▸ WORK INSTRUCTION: Go to the line with "The link I shared" in the material below and copy from there through the line with "Et parti med", exactly. Pictures are not copied.

▸ INFORMATION:
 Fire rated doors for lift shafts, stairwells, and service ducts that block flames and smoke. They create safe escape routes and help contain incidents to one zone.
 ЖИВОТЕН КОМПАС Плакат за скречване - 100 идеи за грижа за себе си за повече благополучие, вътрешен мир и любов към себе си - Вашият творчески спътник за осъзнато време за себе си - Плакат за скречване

---

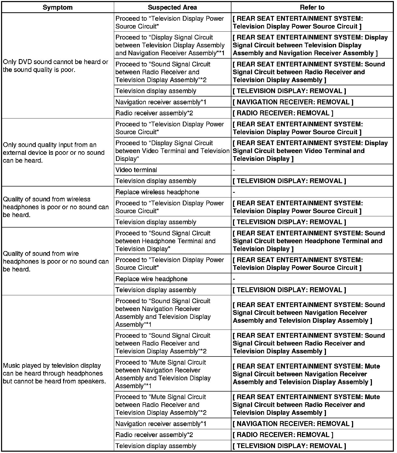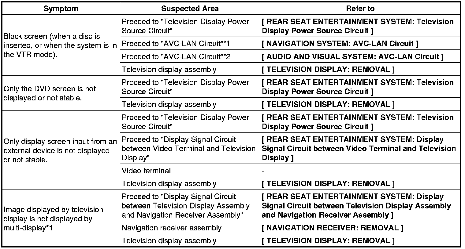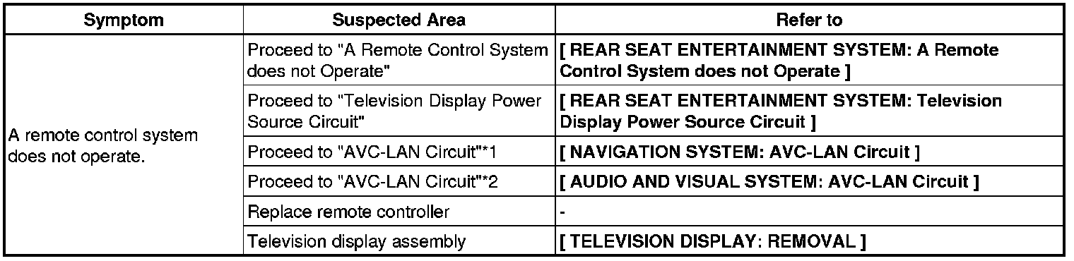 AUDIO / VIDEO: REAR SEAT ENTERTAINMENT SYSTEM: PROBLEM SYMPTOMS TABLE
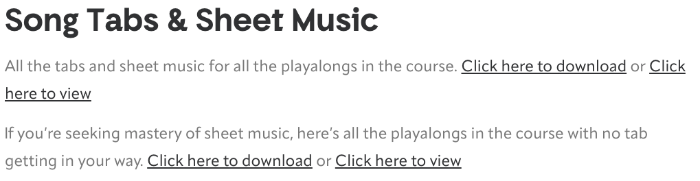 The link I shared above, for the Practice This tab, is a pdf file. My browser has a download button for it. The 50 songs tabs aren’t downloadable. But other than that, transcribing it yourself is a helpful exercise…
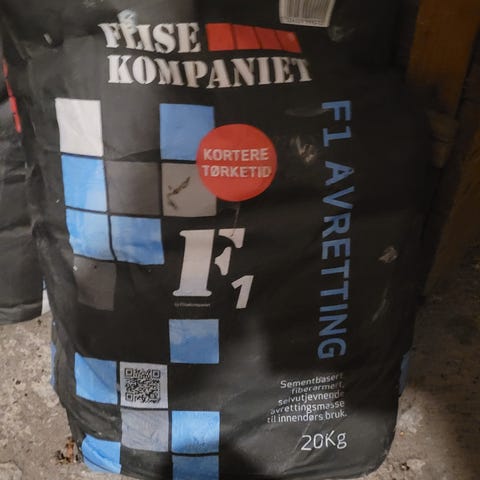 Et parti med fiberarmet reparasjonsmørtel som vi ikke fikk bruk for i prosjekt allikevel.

---

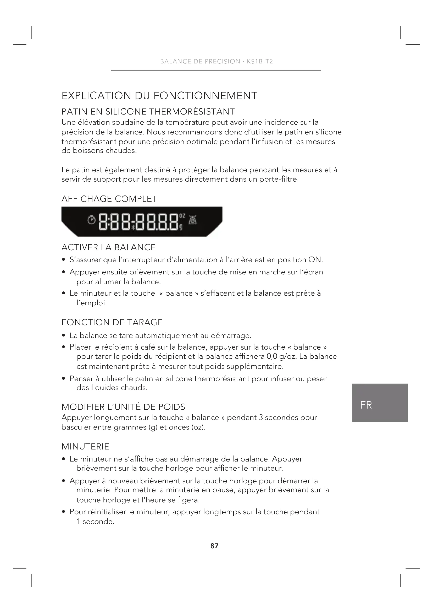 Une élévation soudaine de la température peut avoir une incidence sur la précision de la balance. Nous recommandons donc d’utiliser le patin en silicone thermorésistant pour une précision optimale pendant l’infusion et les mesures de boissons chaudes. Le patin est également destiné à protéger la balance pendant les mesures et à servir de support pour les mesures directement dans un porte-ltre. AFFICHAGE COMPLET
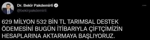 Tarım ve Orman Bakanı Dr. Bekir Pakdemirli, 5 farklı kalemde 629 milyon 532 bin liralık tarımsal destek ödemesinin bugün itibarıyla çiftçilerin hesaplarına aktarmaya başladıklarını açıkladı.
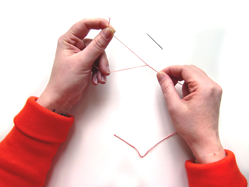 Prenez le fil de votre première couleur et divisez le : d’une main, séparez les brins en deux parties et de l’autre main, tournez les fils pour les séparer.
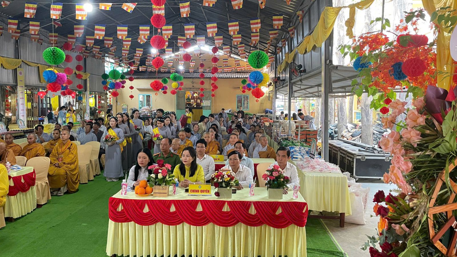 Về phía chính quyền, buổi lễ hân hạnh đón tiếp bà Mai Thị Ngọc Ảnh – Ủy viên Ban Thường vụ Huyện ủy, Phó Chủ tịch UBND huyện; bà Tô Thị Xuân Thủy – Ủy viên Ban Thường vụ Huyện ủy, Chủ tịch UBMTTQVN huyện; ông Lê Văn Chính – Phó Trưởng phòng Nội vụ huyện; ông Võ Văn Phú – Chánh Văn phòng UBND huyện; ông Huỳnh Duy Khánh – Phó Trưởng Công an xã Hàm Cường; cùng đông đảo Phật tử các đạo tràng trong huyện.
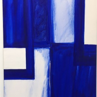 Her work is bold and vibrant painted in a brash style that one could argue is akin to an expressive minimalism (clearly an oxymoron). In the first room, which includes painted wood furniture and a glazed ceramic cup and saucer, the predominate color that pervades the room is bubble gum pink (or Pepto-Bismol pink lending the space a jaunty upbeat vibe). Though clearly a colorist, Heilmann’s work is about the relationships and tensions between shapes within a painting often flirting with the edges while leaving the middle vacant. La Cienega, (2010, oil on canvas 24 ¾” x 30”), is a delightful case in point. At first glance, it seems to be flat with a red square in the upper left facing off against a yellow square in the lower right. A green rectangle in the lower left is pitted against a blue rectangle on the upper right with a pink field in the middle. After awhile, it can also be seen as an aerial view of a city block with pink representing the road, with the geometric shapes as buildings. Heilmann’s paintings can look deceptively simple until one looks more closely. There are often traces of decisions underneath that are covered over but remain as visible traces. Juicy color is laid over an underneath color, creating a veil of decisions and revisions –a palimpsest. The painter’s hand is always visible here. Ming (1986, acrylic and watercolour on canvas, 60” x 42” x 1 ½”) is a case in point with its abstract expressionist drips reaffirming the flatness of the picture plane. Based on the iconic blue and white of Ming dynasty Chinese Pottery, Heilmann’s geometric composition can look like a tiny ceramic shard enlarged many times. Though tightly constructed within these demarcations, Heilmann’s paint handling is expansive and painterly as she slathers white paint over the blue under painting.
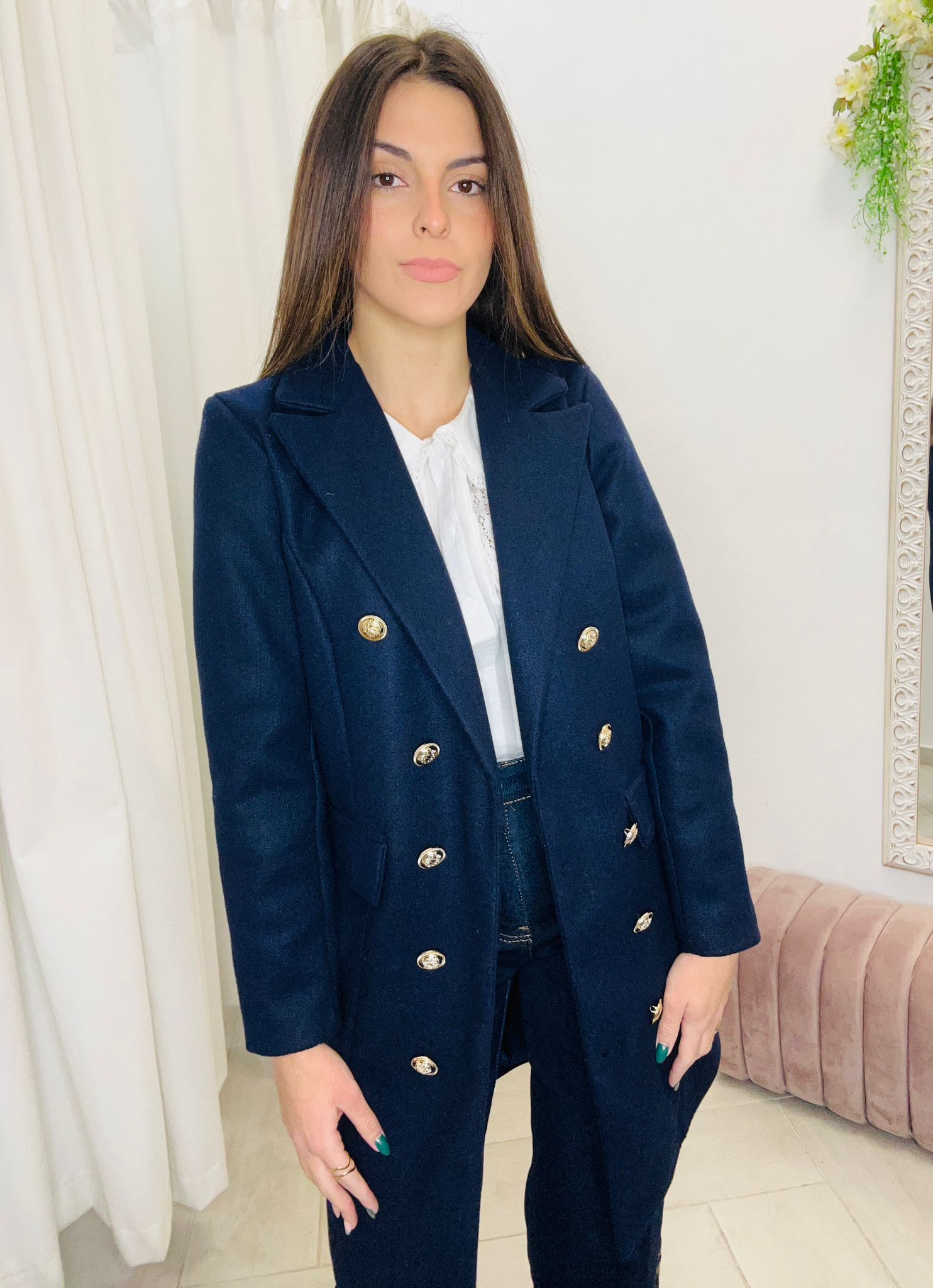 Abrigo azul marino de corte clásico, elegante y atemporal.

▸ ANSWER TO THIS TASK:
 The link I shared above, for the Practice This tab, is a pdf file. My browser has a download button for it. The 50 songs tabs aren’t downloadable. But other than that, transcribing it yourself is a helpful exercise…
 Et parti med fiberarmet reparasjonsmørtel som vi ikke fikk bruk for i prosjekt allikevel.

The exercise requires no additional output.